Factors that could cause actual results to differ materially from those contemplated or implied by the forward-looking statements and information include, but are not limited to: the financial performance of Brookfield Asset Management Inc., the impact or unforeseen impact of economic events, political and market factors; the behavior of financial markets, including interest rate and currency exchange rate fluctuations; global equity and capital markets and the availability of equity and debt financing and refinancing in such markets; strategic actions, including provisions; changes in accounting policies and methods used to report financial condition (including uncertainties associated with critical accounting assumptions and estimates); the effect of applying future accounting changes; business competition; operational and reputational risks; technological change; changes in government regulations and laws; changes in tax laws; catastrophic events, such as earthquakes and hurricanes; the possible impact of international conflicts and other developments, including acts of terrorism; and other risks and factors detailed from time to time in the Company’s documents filed with the securities authorities in Canada.

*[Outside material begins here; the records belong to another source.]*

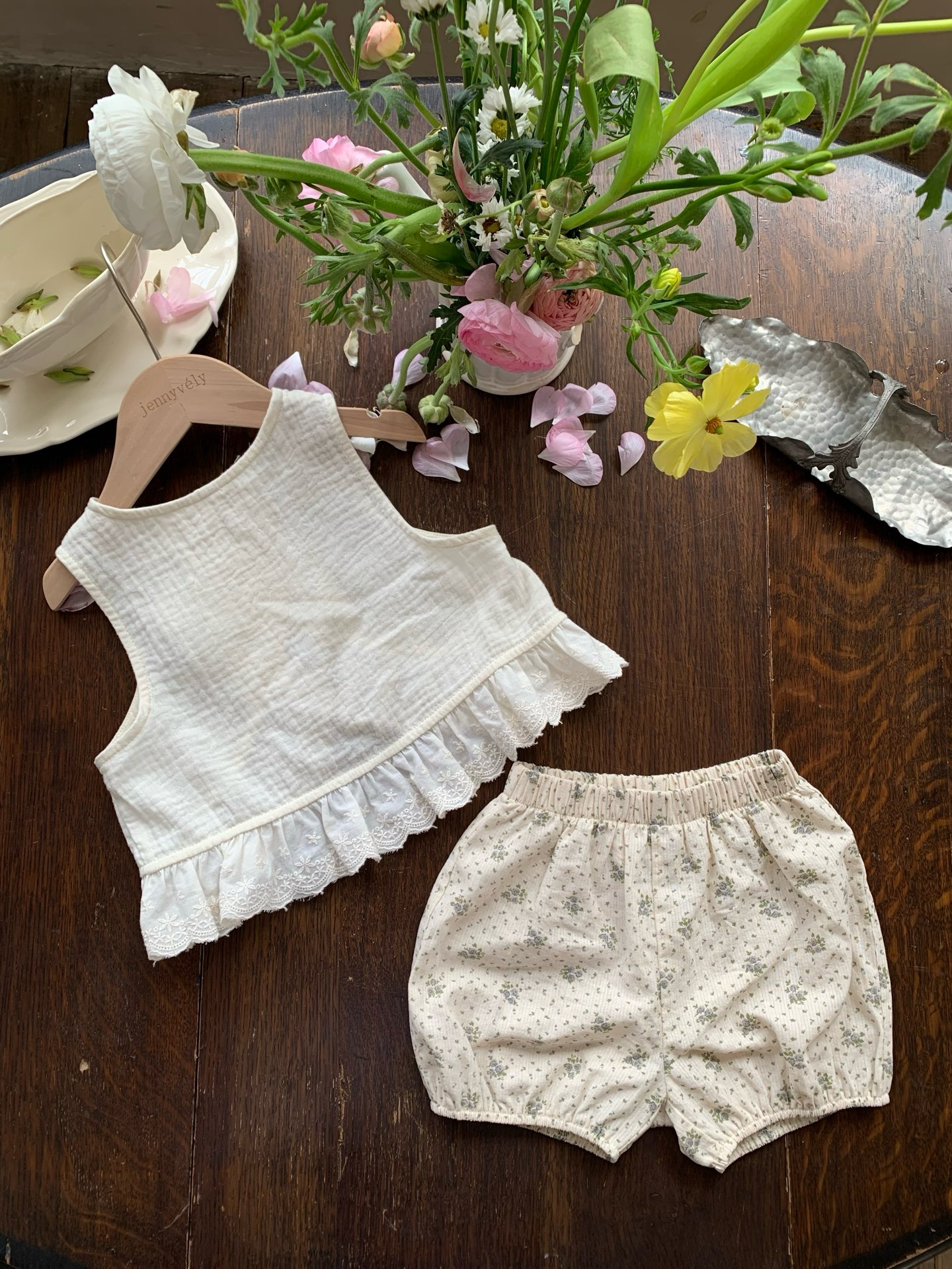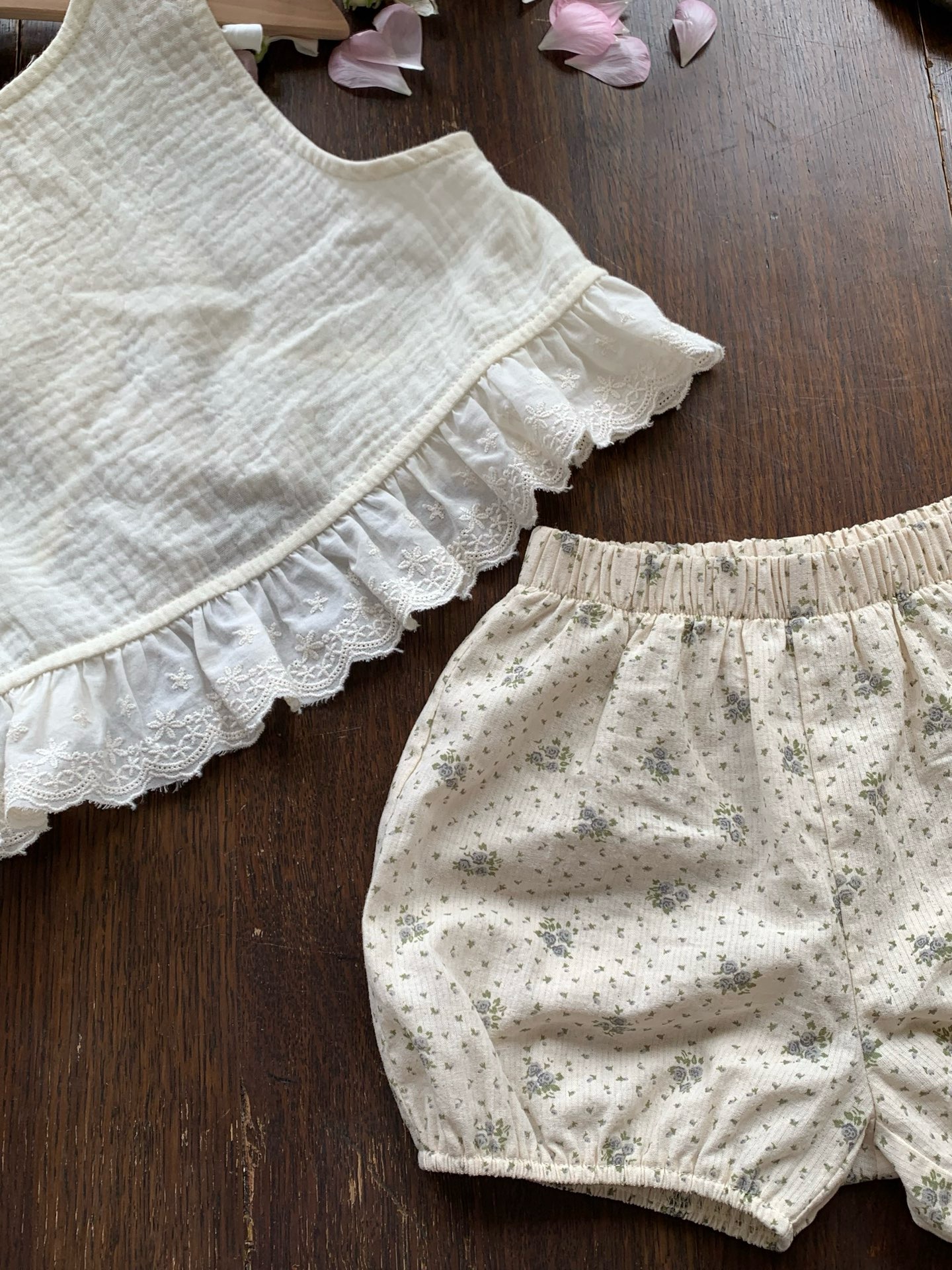 JE39|(73-100cm) 花邊背心碎花短褲套裝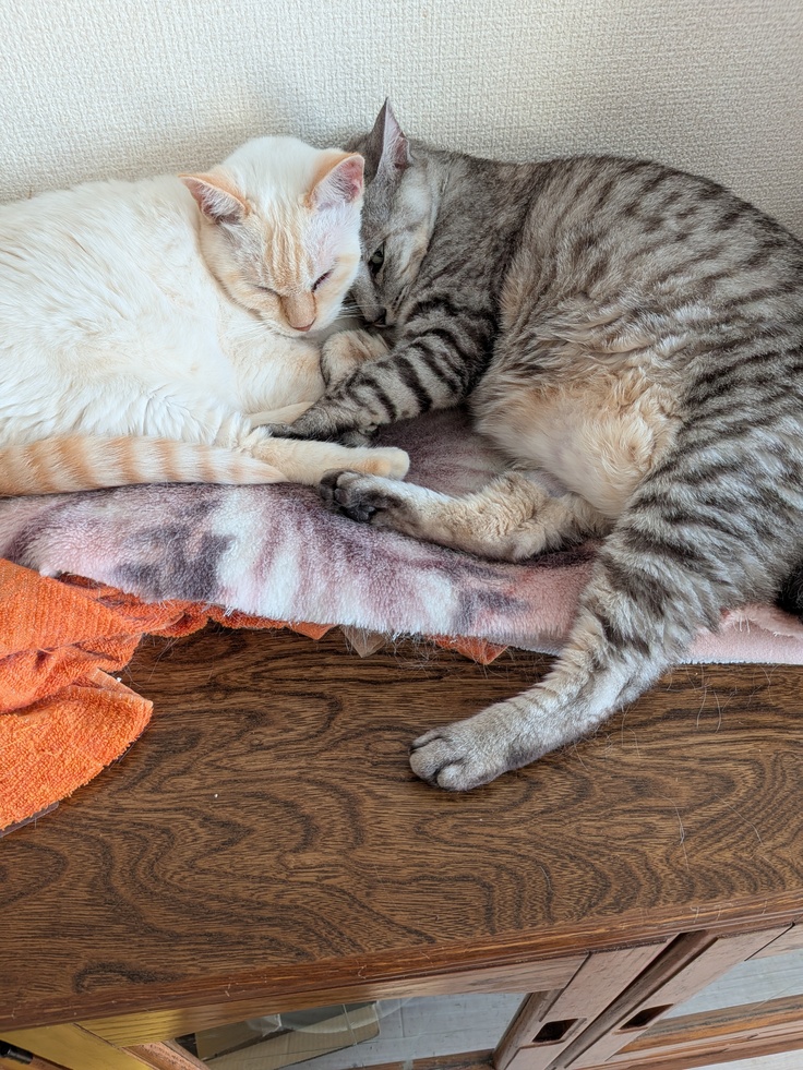 まったりしていました。いつも病気の子のチェックは欠かさないので、体を触って他に異常はないかとか、体は熱くないかとか気をつけていつも見ています。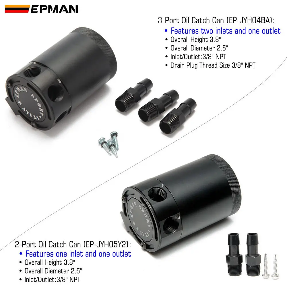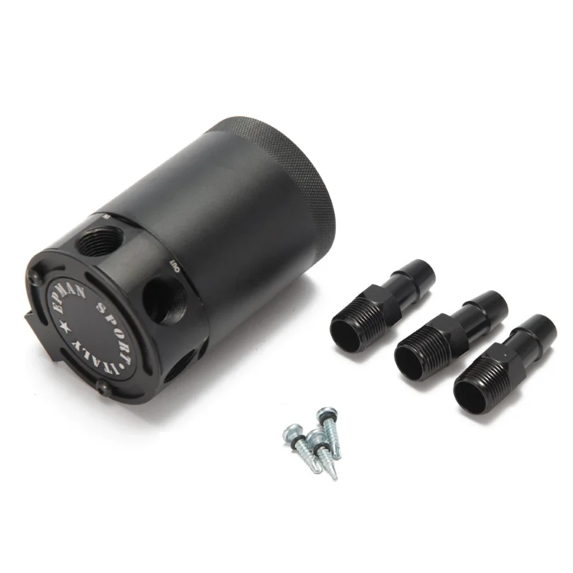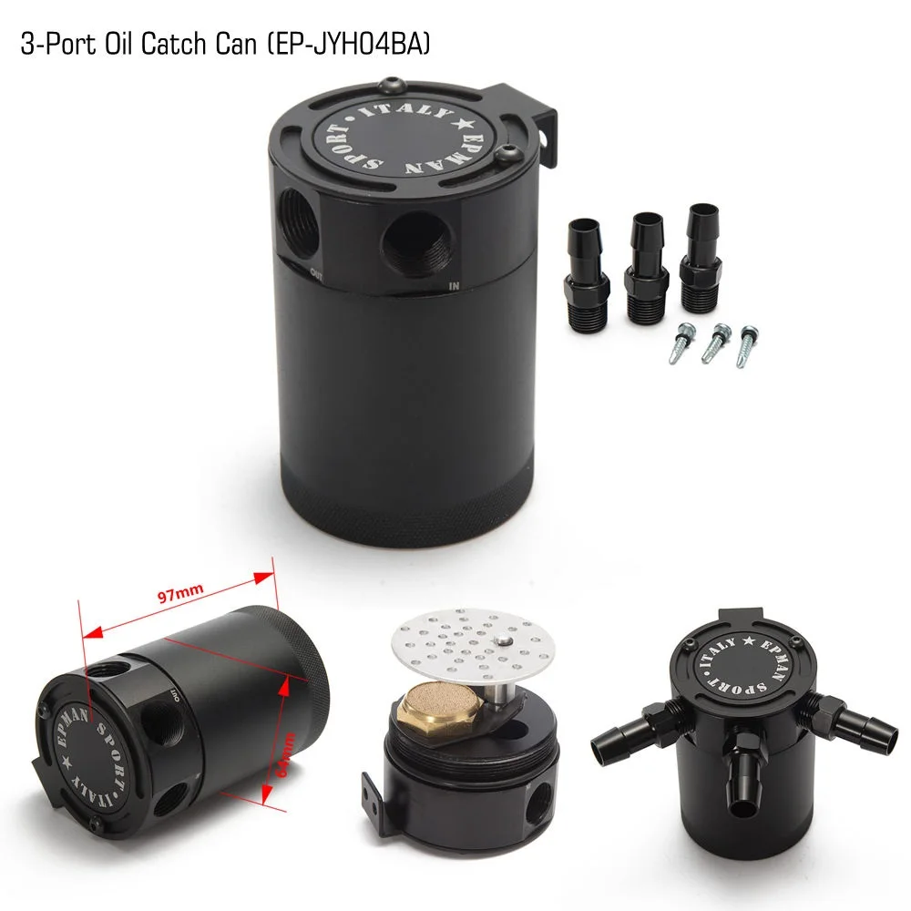 ![]() | EP-JYH04BA | •Type: 3-Port Oil Catch Can • Features two inlets and one outlet • Overall Height 3.8" • Overall Diameter 2.5" • Inlet/Outlet:3/8" NPT • Drain Plug Thread Size 3/8" NPT • Oil Capacity:2 fluid ounces • Material: 6061 aluminum • Package:1PC Aluminum Oil Catch Can (Necessary fitting as picture ) |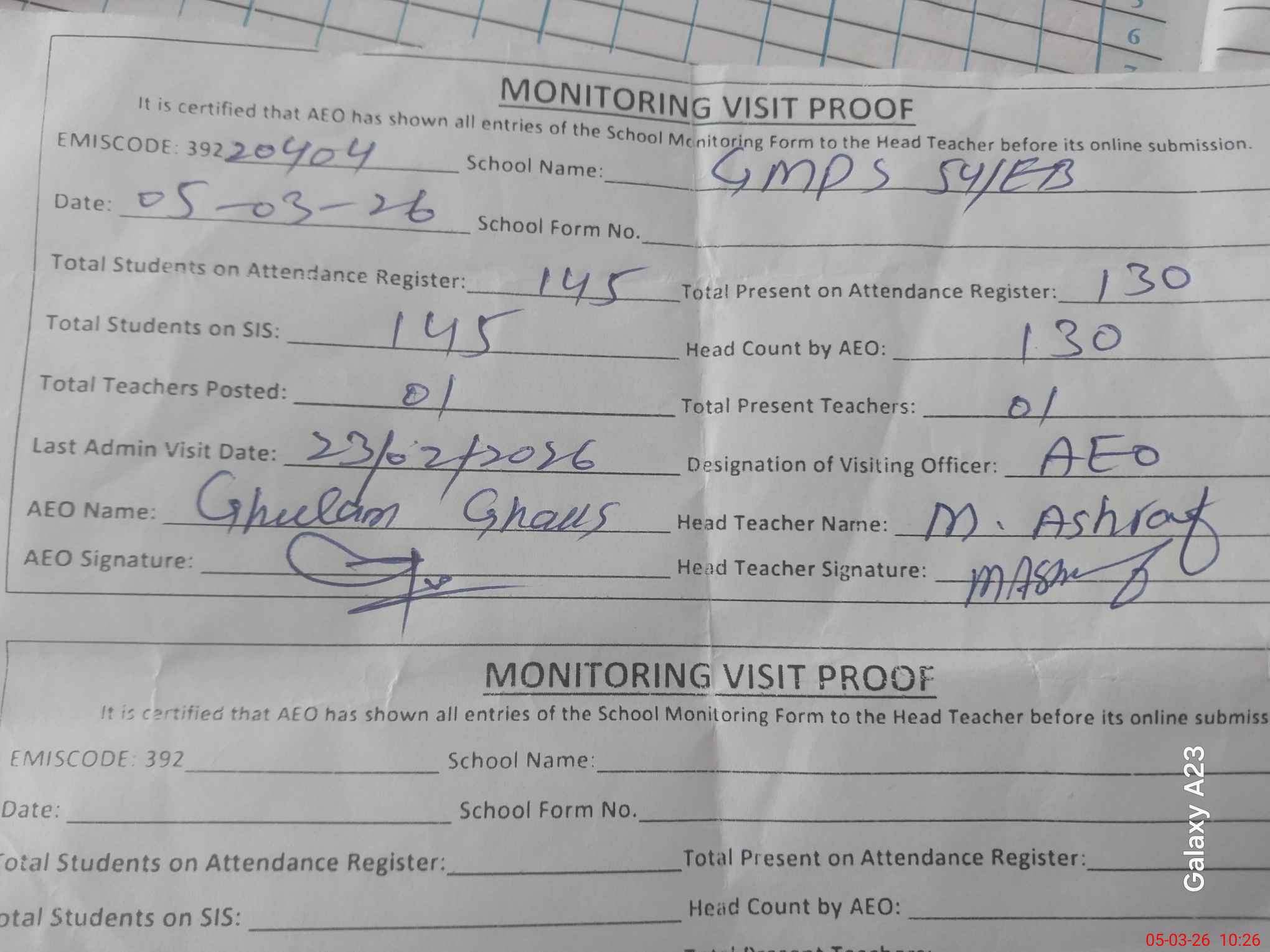| Attendance Register | Head Teacher | MEA with School | Visit Proof |

The Company cautions that the above list of important factors that could affect future results is not exhaustive. When relying on the Company’s forward-looking statements and information, investors and others should carefully consider the foregoing factors as well as other uncertainties and potential events. Except as required by law, the Company undertakes no obligation to publicly update or revise any forward-looking statements and information, whether written or oral, that may result from new information, future events or otherwise.